MathSmith: Towards Extremely Hard Mathematical Reasoning by Forging Synthetic Problems with a Reinforced Policy

Imagine you are trying to teach a brilliant student (a Large Language Model, or LLM) how to become a grandmaster at math.

Currently, the student is good at solving textbook problems, but they hit a wall when faced with truly difficult, Olympiad-level challenges. Why? Because the "textbooks" we have are full of easy and medium problems. There just aren't enough super-hard practice questions available to train them.

Existing methods try to fix this by taking an easy problem and "remixing" it—changing the numbers or the wording. But this is like taking a simple recipe for toast, adding a little extra butter, and calling it a gourmet meal. It's not actually new, and the student eventually memorizes the pattern rather than learning to think deeply.

Enter MathSmith. Think of MathSmith not as a remix artist, but as a Master Blacksmith.

The Blacksmith's Forge: How MathSmith Works

Instead of recycling old problems, MathSmith builds new, incredibly tough problems from scratch using a three-step process:

1. Gathering Raw Materials (The Concept Mine)

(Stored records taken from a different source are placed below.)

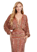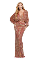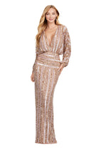 Fun and fabulous! This elegant, fully beaded gown features a v-neckline and dolman sleeves to give the perfect amount of glam at your next event.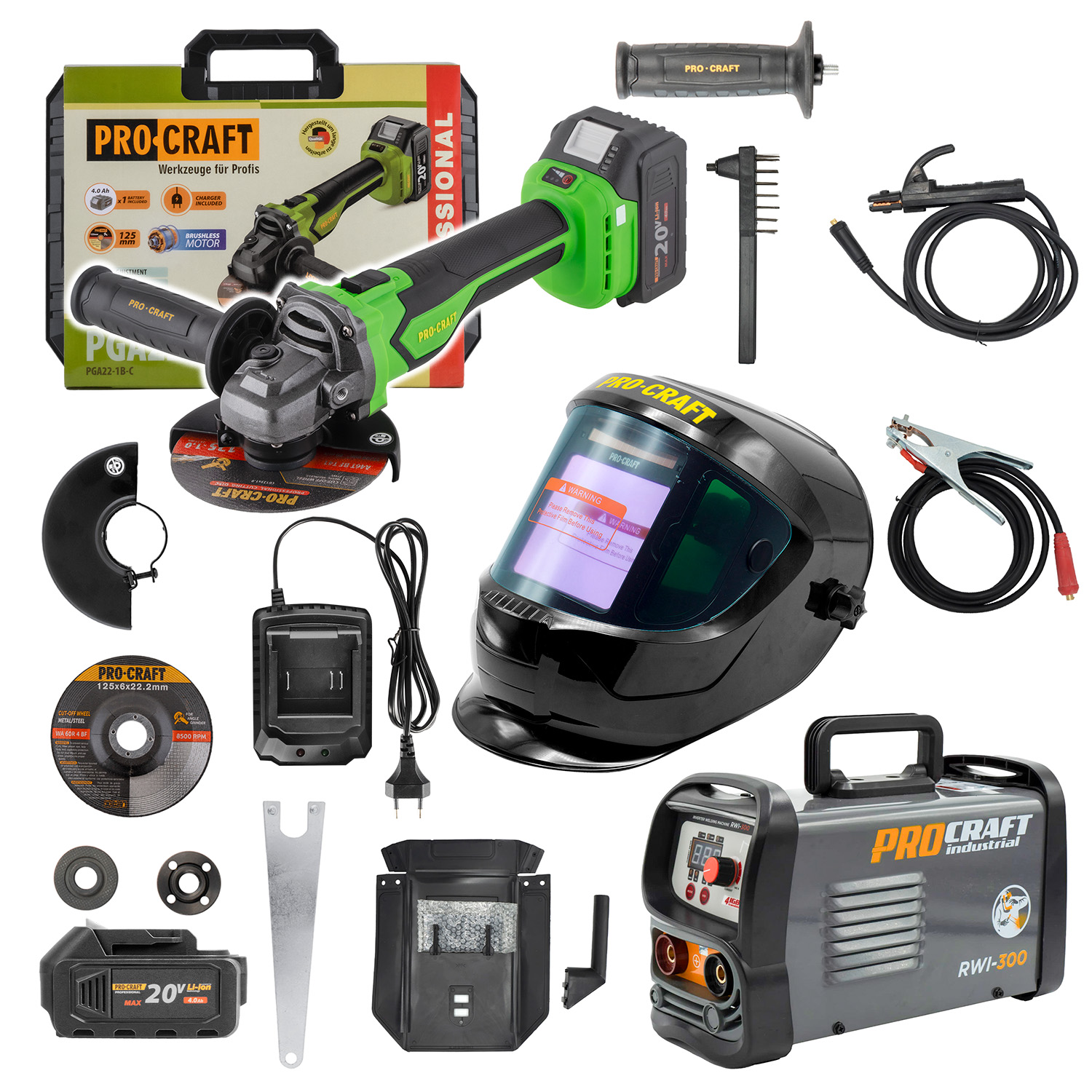 Kompletná zváracia a brúsna sada Procraft predstavuje ideálne riešenie pre dielňu, stavbu aj náročnejšie domáce použitie. Kombinuje výkonný invertor RWI-300, aku bezuhlíkovú uhlovú brúsku PGA22 a profesionálnu samostmievaciu kuklu SPH1000. Všetko potrebné na zváranie, brúsenie aj finálnu úpravu zvarov v jednom balení.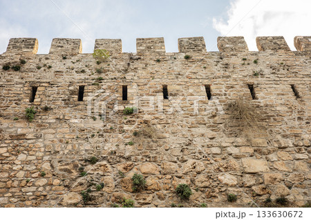 Ancient stone fortress wall with battlements and arrow slits under blue sky
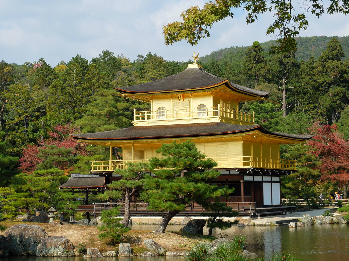 Edasi suundume Kinkaku-ji (tuntud ka kui Kuldne tempel) juurde. Kuldne tempel hõljub häirimatult justkui lootoslill kauni Kyokochi tiigi kohal. Hoone peegeldus tiigil on hingemattev vaatamisväärsus isegi neile, kes on seal sagedased külalised. Suurustleva Kuldse paviljoni rajaja šogun Ashikaga Yoshimitsu (1358-1408) palus maise elu lõpus enda hinge lunastamiseks muuta oma villa zen-budistlikuks templiks. Kyoto enim jäädvustatud paik on püsinud jaapanlaste hiilgeaegade võrdkujuna ning mõjukaima turismimagnetina üle 500 aasta. Kahjuks üks õnnetu meeltesegaduses munk hävitas templi süütamise läbi 1950. aastal. Hoone ehitati uuesti üles paar aastat hiljem originaali täpse koopiana, milleks kasutati muuhulgas 100 000 22-kraadist kullalehte. Jalutuskäik templi lopsakates aedades võimaldab kogeda templi majesteetlikku säravat ilu erinevatest vaatenurkadest. Ümbritsevad mäed laenavad oma suursugust ilu aiale, muutes selle hoomamatult avaraks.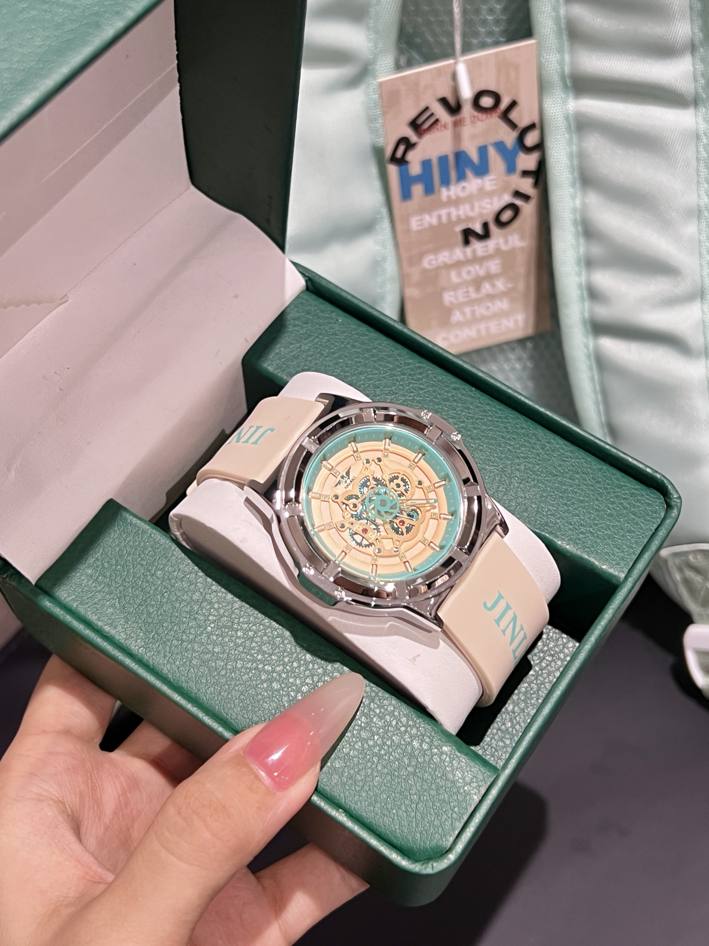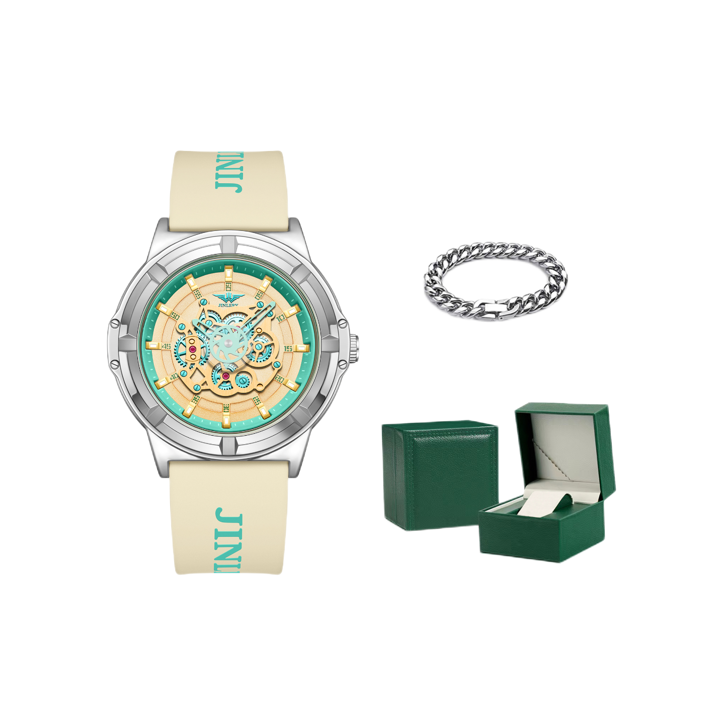 本篇笔记关联了JINLERY/精利 40mm橡胶表带机械风高颜值大学生潮流休闲个性百搭石英男士手表 【礼盒装】黄绿色 J8013J3等商品,为用户提供真实的使用体验和购买参考。
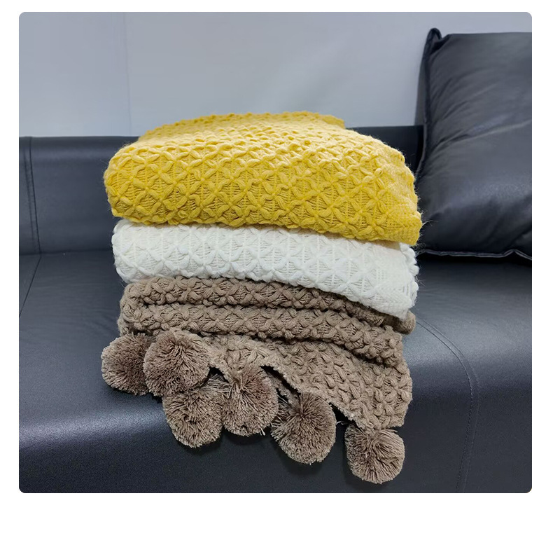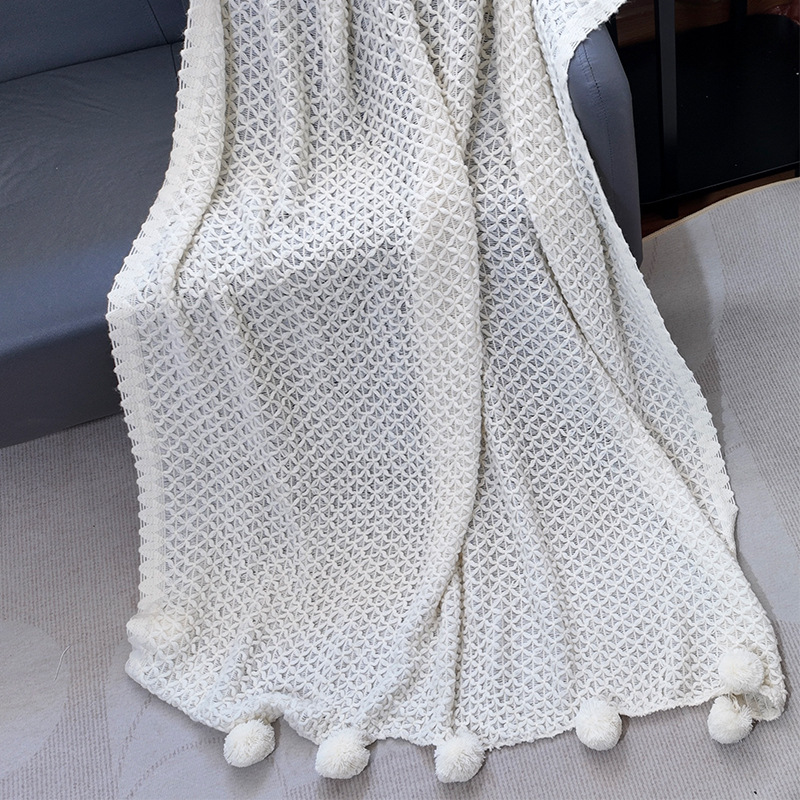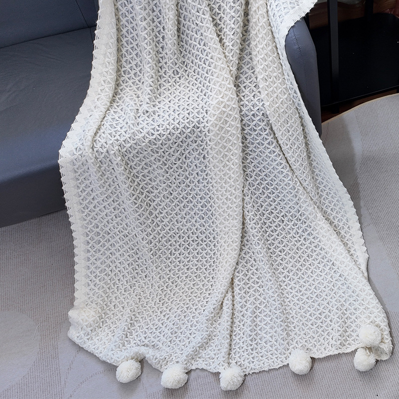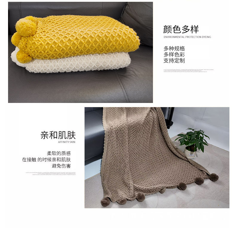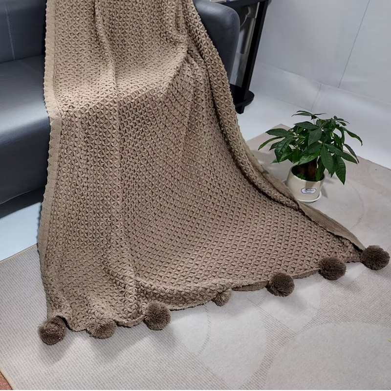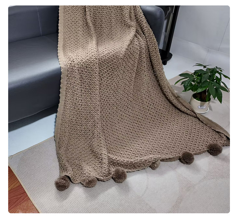 杨梅球链条盖毯北欧风简约格纹办公室午睡空调毯客厅卧室沙发毯

Most methods start with a finished problem. MathSmith starts with raw materials. It digs into a massive encyclopedia of advanced math (PlanetMath) and pulls out pure, abstract concepts like "Hermitian inner products" or "Lattices with operators."

Analogy: Imagine a chef who doesn't buy pre-made lasagna. Instead, they go to a farm, pick fresh, rare vegetables, and grind their own spices. MathSmith gathers these "concept nuggets" randomly, ensuring it never accidentally copies a problem the student has already seen (avoiding "cheating" or data contamination).

2. The Blueprint (The 9 Difficulty Strategies)

To turn these raw concepts into a "hard" problem, MathSmith uses a special blueprint with 9 rules for difficulty. These are like the blacksmith's tools to make the metal tougher.

The Tools include:
- Multi-step Reasoning: The problem can't be solved in one jump; it needs a long chain of logic.
- Cross-topic Integration: It forces the student to mix algebra with geometry, or number theory with calculus.
- Hidden Traps: It includes "distractors" (red herrings) to trick the student.
- Extreme Conditions: It pushes the math to its absolute limits.
The Process: The AI acts like a master architect, randomly picking two or three concepts and forcing them together using these rules to build a brand new, complex structure.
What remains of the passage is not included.